Start of Entries shown

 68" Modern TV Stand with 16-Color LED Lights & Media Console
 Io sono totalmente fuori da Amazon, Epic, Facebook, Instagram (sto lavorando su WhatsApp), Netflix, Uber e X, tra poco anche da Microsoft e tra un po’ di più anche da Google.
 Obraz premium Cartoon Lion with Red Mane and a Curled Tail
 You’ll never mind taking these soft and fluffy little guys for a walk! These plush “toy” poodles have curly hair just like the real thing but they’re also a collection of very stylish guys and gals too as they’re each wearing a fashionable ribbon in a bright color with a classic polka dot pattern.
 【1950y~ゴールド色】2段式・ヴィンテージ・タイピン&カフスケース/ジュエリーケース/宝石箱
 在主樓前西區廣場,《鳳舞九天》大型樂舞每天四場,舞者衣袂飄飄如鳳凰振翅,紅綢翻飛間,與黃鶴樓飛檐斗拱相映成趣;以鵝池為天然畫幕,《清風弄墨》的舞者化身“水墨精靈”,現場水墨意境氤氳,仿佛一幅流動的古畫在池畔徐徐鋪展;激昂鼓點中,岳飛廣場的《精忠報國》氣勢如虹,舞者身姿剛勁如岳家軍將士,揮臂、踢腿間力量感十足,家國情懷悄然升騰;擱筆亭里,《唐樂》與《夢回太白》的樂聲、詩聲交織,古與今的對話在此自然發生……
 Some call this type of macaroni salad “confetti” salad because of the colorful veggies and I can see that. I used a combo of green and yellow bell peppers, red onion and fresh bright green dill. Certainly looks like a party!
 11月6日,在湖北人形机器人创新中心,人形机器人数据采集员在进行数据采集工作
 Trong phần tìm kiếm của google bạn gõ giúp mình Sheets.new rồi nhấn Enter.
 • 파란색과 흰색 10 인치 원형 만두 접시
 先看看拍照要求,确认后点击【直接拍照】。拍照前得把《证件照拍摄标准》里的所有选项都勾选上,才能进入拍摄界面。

End of Entries shown

In the entries above, take the line containing "Obraz premium Cartoon" and each later line through the last, and repeat them exactly. Output nothing else.

The answer:
 Obraz premium Cartoon Lion with Red Mane and a Curled Tail
 You’ll never mind taking these soft and fluffy little guys for a walk! These plush “toy” poodles have curly hair just like the real thing but they’re also a collection of very stylish guys and gals too as they’re each wearing a fashionable ribbon in a bright color with a classic polka dot pattern.
 【1950y~ゴールド色】2段式・ヴィンテージ・タイピン&カフスケース/ジュエリーケース/宝石箱
 在主樓前西區廣場,《鳳舞九天》大型樂舞每天四場,舞者衣袂飄飄如鳳凰振翅,紅綢翻飛間,與黃鶴樓飛檐斗拱相映成趣;以鵝池為天然畫幕,《清風弄墨》的舞者化身“水墨精靈”,現場水墨意境氤氳,仿佛一幅流動的古畫在池畔徐徐鋪展;激昂鼓點中,岳飛廣場的《精忠報國》氣勢如虹,舞者身姿剛勁如岳家軍將士,揮臂、踢腿間力量感十足,家國情懷悄然升騰;擱筆亭里,《唐樂》與《夢回太白》的樂聲、詩聲交織,古與今的對話在此自然發生……
 Some call this type of macaroni salad “confetti” salad because of the colorful veggies and I can see that. I used a combo of green and yellow bell peppers, red onion and fresh bright green dill. Certainly looks like a party!
 11月6日,在湖北人形机器人创新中心,人形机器人数据采集员在进行数据采集工作
 Trong phần tìm kiếm của google bạn gõ giúp mình Sheets.new rồi nhấn Enter.
 • 파란색과 흰색 10 인치 원형 만두 접시
 先看看拍照要求,确认后点击【直接拍照】。拍照前得把《证件照拍摄标准》里的所有选项都勾选上,才能进入拍摄界面。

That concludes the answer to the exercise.